9.1. Log Rotation (Preventing Disk Exhaustion)

Section titled “9.1. Log Rotation (Preventing Disk Exhaustion)”

By default, Docker captures the stdout/stderr of all containers and stores them in JSON files. Without limits, these files can grow indefinitely and fill the /var partition.

Best Practice: Configure global limits in /etc/docker/daemon.json on all nodes.

{
"log-driver": "json-file",
"log-opts": {
"max-size": "10m",
"max-file": "3"
}
}

This ensures no container uses more than 30MB (3x10MB) of log space.

When we need to perform maintenance on a physical server (e.g., kernel update, hardware upgrade), we shouldn’t just shut it down. we must first tell Swarm to migrate the tasks to other nodes.

Set node to Drain mode:

Terminal window
docker node update --availability drain node4

Swarm will immediately stop tasks on node4 and reschedule them on other active nodes.

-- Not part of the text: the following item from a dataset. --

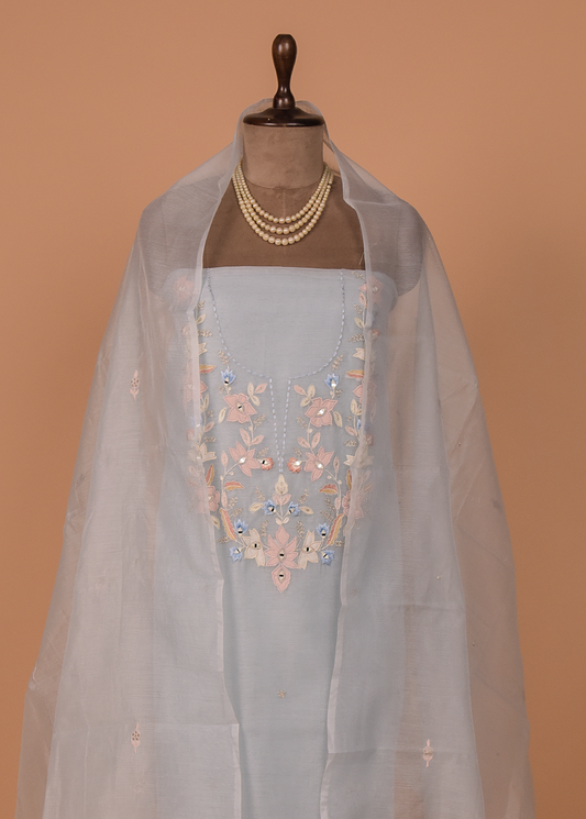 Blue Chanderi Dress Material

Perform maintenance & Reboot.

Set node back to Active mode:

Terminal window
docker node update --availability active node4

Note: Swarm won’t automatically move old tasks back. New tasks or service updates will now consider this node again.

When a service is slow, use these tools to identify the bottleneck:

  • docker stats: Real-time stream of CPU, memory, and network usage for all containers on the local host.
  • docker service ps --filter "desired-state=shutdown" <service>: Helps finding why a service is constantly restarting (Crash looping).
  • docker service inspect --pretty <service>: Check if a service is hitting its resources.limits. If a container hits its memory limit, Docker will OOM-Kill (Out Of Memory) it.

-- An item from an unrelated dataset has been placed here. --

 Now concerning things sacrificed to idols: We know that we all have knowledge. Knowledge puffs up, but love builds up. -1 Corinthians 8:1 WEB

If a service in Swarm isn’t working:

  1. Check Service Status: docker service ls (Look for 0/3 replicas).
  2. Locate the Error: docker service ps <service_name> (Look for the ERROR column).
  3. Inspect Logs: docker service logs -f <service_name>.
  4. Check Daemon Health: docker system events --since 30m (See what the engine has been doing recently).